India's state-run Hindustan Petroleum Corporation Ltd (HPCL) announced it is expanding its lubricants business in India's neighbourhood. After launching its lubricants in Myanmar last month, India's third-largest fuel retailer (after Indian Oil (IOCL) and Bharat Petroleum (BPCL)) is working on marketing its lubricants in Nepal and Bhutan as well as looking at resuming sales in Bangladesh soon, according to the Times Of India.
"We are the largest lubricants marketer (including base oil) in India. We are now looking at markets beyond the country's boundaries to sell finished products as they bring more value," HPCL chairman and managing director M K Surana told the Times Of India. Lubes account for nearly a quarter of the company's profit.
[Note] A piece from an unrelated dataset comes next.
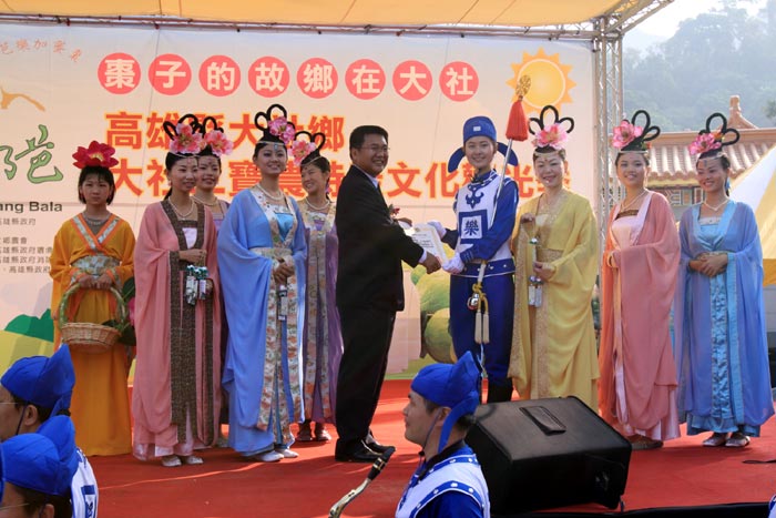 大社的三宝农特产是以有机栽培的蜜枣、芭乐和牛奶,品质优良闻名全台,每年的十二月到二月是蜜枣和芭乐的产收期。大社乡观音山是高雄有名的佛教胜地和风景区,大觉寺观光客很多。三宝农特产文化观光季就是在大觉寺前方广场举办,人潮汇集。天国乐团队伍进入会场,马上吸引大家的目光,纷纷报以热烈掌声。乐团演奏《法轮大法好》、《圣诞铃声》、《法轮圣王》等乐曲,场面庄严感人。在场除了乡长外,还有陈启昱立委、凤山市许市长等官员,都专注聆听天国乐团的演奏。随后,法轮功学员组成的腰鼓队步上舞台演奏《法轮大法好》、《鼓乐神威》等曲目,民众纷纷报以热烈掌声。
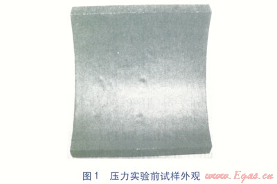 壓力實驗后試樣外觀見圖2。比較圖1、2可知,壓力實驗前后涂層顏色未出現(xiàn)明顯變化,涂層表面光滑平整,無起泡、針孔、裂紋等現(xiàn)象,也未腫脹及變軟。涂層與基材之間未脫落,附著情況良好。

HPCL operates a lube base oil plant, the country's largest, in Mumbai with a capacity to produce up to 9,400 barrels per day, consisting of 4,900 bpd of Group I base oil, 4,000 bpd of Group II base oil and 500 bpd of Group III base oil.
"We supply base oil for many major brands in the Indian market. We want to run our lubes refinery at the brim. We are looking at expanding the market for products which is more profitable than selling base oil," Surana said.
Director (marketing) S Jeyakrishnan said HPCL is going on its own in the new markets instead of tying up with local partners. "We are appointing dealers through advertisements taken out in consultation with our embassies," he said.
The company reported a net profit of Rs 1,735 crore (US$266.4 million) in the second quarter, marking a 147% increase over the previous corresponding period. Gross sales increased to Rs 54,153 crore from Rs 47,750 crore in the same period last year.